The limitations of applying traditional diversity indices to microbial datasets lacking clear species delineations leave a number of questions: How can we quantify diversity using methods that are better suited for microbial datasets which span multiple domains of life? Does including similarity in our analyses change our interpretation of patterns of microbial diversity? What is the utility of including multiple dimensions of microbial diversity (i.e., taxonomic and phylogenetic) in our analyses?

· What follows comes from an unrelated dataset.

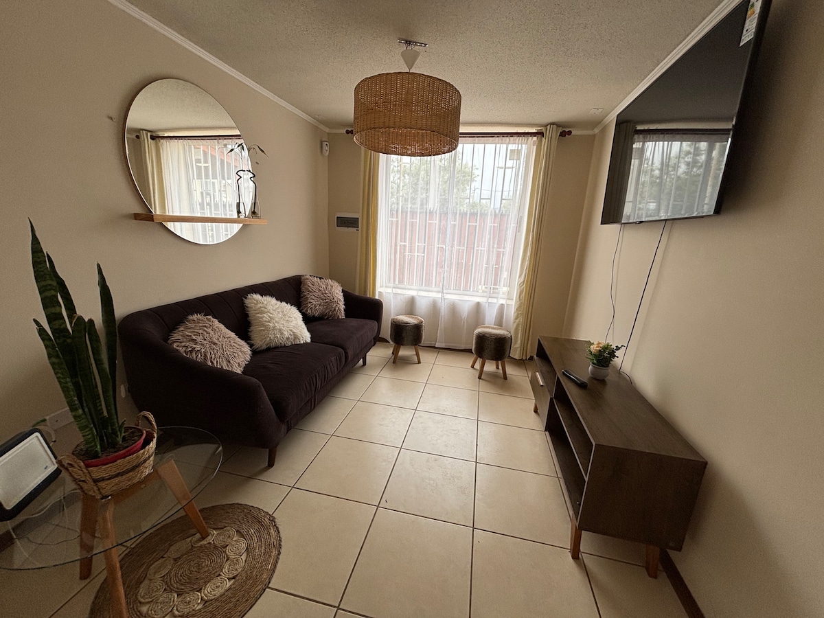 Pozdravljeni! Moja hiša se nahaja v bližini letališča, supermarketa Jumbo in dostopa do poti do doline Elqui. 55 m, 2 spalnici, kuhinja, dnevna soba, 1 kopalnica. Wi-Fi. Smart TV. Hiša je v najemu, ne nahaja se v bližini obale, tukaj pa boste našli tišino in mir podnevi in ponoči. KAJENJE NI DOVOLJENO, HIŠNI LJUBLJENČKI NISO DOVOLJENI. 1 dodaten gost je dovoljen x dodaten znesek x nočitev (obdelan je futon)

One promising new way to analyze microbial community diversity and address these questions is through the use of diversity profiles, which were recently developed by Leinster & Cobbold [17, 18]. These profiles are graphs that are used to display effective numbers of diversity (i.e., effective diversities). Effective diversities are mathematical generalizations of previous indices that behave much more intuitively, satisfying a number of desirable mathematical properties that provide meaningful percentage and ratio comparisons . This is useful because many indices that have been traditionally used to describe macro-organismal community diversity and evenness can be quantitatively unintuitive (Inverse Simpson’s Diversity Index, Shannon’s Entropy, Gini-Simpson Index, etc.). For example, a community comprised of 10 hawks and 10 hummingbirds might experience a 50% decrease of both species, resulting in five hawks and five hummingbirds, but this change would not manifest as a 50% decrease in either Simpson Diversity or Shannon Diversity. Due to this, Hill  and later Jost  formulated effective number diversity metrics, which are simple entropies weighted by an order parameter, q. As the q parameter increases, the relative weight given to rare taxa in diversity index calculations declines. The effective diversity of order zero (q = 0) is equivalent to species richness (the total number of entities), order 1 is proportional to the Shannon index, and q = ∞ is a measure of pure evenness .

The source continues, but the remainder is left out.